Nothing illustrates how deadly the idea of people being able to make their case to the general public without leftist censorship to the electoral prospects of Democrats as the complete and utter meltdown of the left over the Elon Musk purchase of Twitter.

Again when your opponents have bad arguments it’s not hard to dispute them, when they have better arguments that’s the time to rethink your positions or panic. The left has chosen the later

As Ann Althouse put it: “It’s interesting how much free speech the opponents of free of speech already have.”


Anyone surprised by Russia’s move to cut of Gas to Poland and Bulgaria has no sense of history or of how Russia thinks.

In terms of how they think, anyone who has followed this history of the last 200 years knows that once Russians decide someone is their enemy no amount of local hardship is unendurable if it causing said enemies to suffer. That’s how Putin will sell it to his people and they’ll buy it.

Secondly all of the history of the last forty years of the USSR & Russia funding groups in the west to decrease energy self sufficiency was precisely for this eventually where Russia would force their potential foes into tough choices.

Not sure how this ends.


Speaking of Russia and the war while I distrust all the various sources all we have seen thus far shows the weakness of the crony system of procurement.

When you’re busy stealing and skimming it can be a problem when suddenly the equipment you have turns out to be substandard. Furthermore in a Kleptocrocary which in many ways Russia is the idea that you would use state funds to enrich yourself rather than solve a problem is considered the norm.

It’s very possible that the Russia’s performance in the war in Ukraine is the natural end result and this time around there won’t be the US sending convoys of arms and equipment to save them.

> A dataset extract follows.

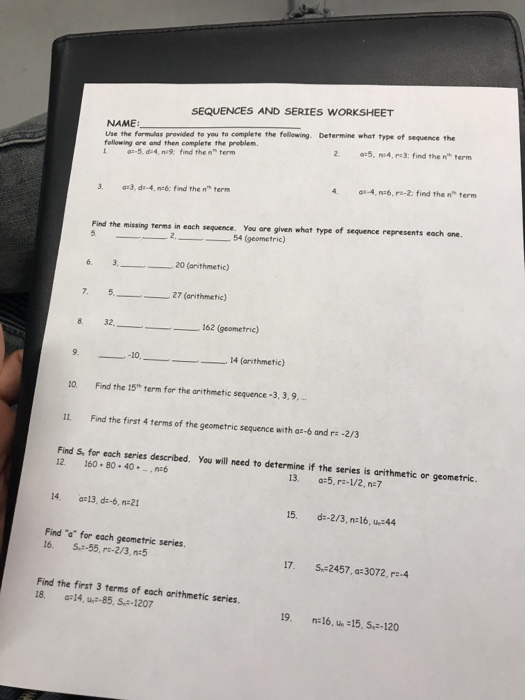 Sequences worksheets and online exercises Sequences worksheets and online activities. Free interactive exercises to practice online or download as pdf to print. ... Geometric Series Grade/level: 10 by qpdomasig: Quadratic Sequence Review Grade/level: Grad 7, 8 by Mr_Y_Class: Number patterns Grade/level: Grade 5 by ngocvien24: Sequences Sequence and Series Worksheet (updated- 2021-2022) -CoolGyan The sequence and series worksheet help the students in scoring good marks in the final examination. The Sequence and Series Worksheets helps the students on various aspects and topics which are below-. Provides an idea of how to find the next terms of a given sequence by the use of explicit and recursive formulas. cdn.kutasoftware.com › Worksheets › Alg2Arithmetic Sequences Date Period - Kuta Software ©y j2G0w1 62b UKVuutoa X bSAoAf1tBw ea orJe Y CLZL QCH.Z Z AAlJl9 Rr Miegph ptfs t prqe MsPeArWv9e LdP. f p TMoaSdOew Wwbi wt6hi WI4nXf 1i2nFiOtKeH uA ol mgYevbkr Zae 12 O.e Worksheet by Kuta Software LLC Given a term in an arithmetic sequence and the common difference find the first five terms and the explicit formula. 15) a 38 = −53.2 , d ...

Finally I got an oil bill earlier this month that perfectly illustrates the cost of a stolen election.

It was a split bill for the 180 gallons of oil I got. Half of it was priced at the pre-pay price that I paid under Trump before the election. The other half showed the current price under Biden.

You can talk about the costs of a stolen election in terms of what it’s done to our country, our foreign policy and our freedoms but I have a concrete figure of how much this stolen election is costing me in cash. And that cost is a full week’s take home pay every time oil is delivered.